Tuesday, March 04, 2008

Something Higher? President Obama

LEONARD PITTS, JR.:
The chief executive's power does not derive solely from the authority vested in him by the Constitution. To the contrary, it derives also - and in some ways, more so - from his ability to rally the people, to inspire them in some great challenge or crusade.

We do not live - yet - in a dictatorship. Americans do not move because they are told to move. They move because they are inspired to. It is no accident that history's most successful presidents are the ones who were able to frame, with concision and grace, America's challenges and hopes, the ones who had greatest command over what Theodore Roosevelt famously called "the bully pulpit."

Think Ronald Reagan saying government is not the solution to the problem, government is the problem. Think Franklin Roosevelt declaring that the only thing we had to fear was fear itself. Think Abraham Lincoln at Gettysburg vowing a new birth of freedom.

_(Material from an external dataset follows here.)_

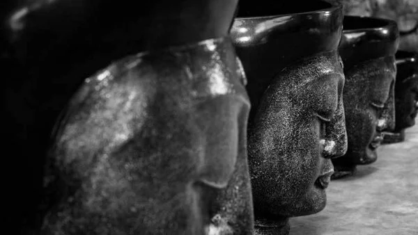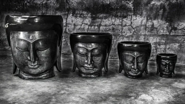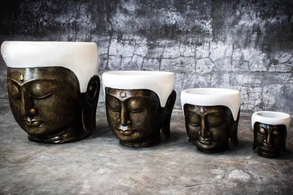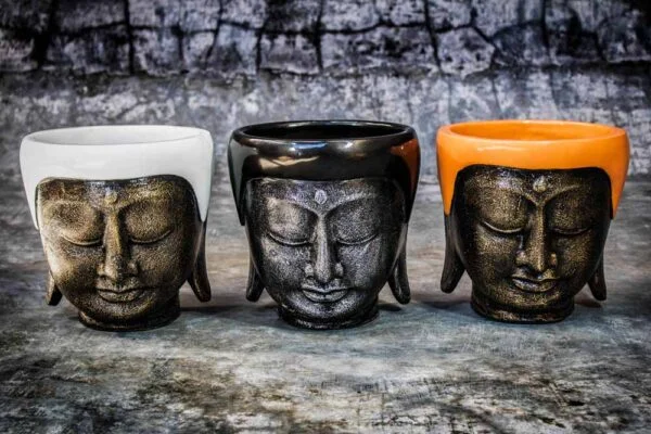 Vasi Testa Buddha , Testa di Buddha colorata da usare come vaso per fiori. Realizzata in un mix di sabbia lavica e fibre.

Now, try to remember anything Millard Fillmore ever uttered. A hundred years from now, will anyone still be saying, "I'm the decider?"

What some of us don't understand is that Mr. Obama is not running a campaign. He is rallying a movement. After seven years of what may go down as the worst presidency ever, after the grime of the Clinton-Lewinsky scandal, after dreary years of internecine sniping where ideological purity has routinely trumped national interest, Americans want something else. Something higher.
DON BOUDREAUX'S THOUGHTS on this idea of something higher:
If you, Dear Reader, want to be part of a collective movement, that's fine with me. Really, it is. I wish you luck and happiness. But please don't force me to join you in your crusade (whatever it might be). And please don't presume that if I choose not to join in any collective effort, or only in a collective effort involving fewer persons than the efforts you favor, that my life is somehow empty, my soul shriveled, my mind small, my heart uncaring, my habits contemptible. I myself might well wish to be part of a cause larger than myself -- I reserve that right -- but I promise never to force you to join with me; I promise never to presume that you are less of a person if you refuse to join my cause or even if you refuse to join any collectively pursued cause.
I tend more to Mr. Boudreaux's thoughts than to Mr. Pitts' thoughts on something higher. On the other hand if the something higher was a passion for individual liberty then I might well jump on board the train. But, the something higher in Senator Obama's campaign strikes me as more likely the opposite of a passion for liberty.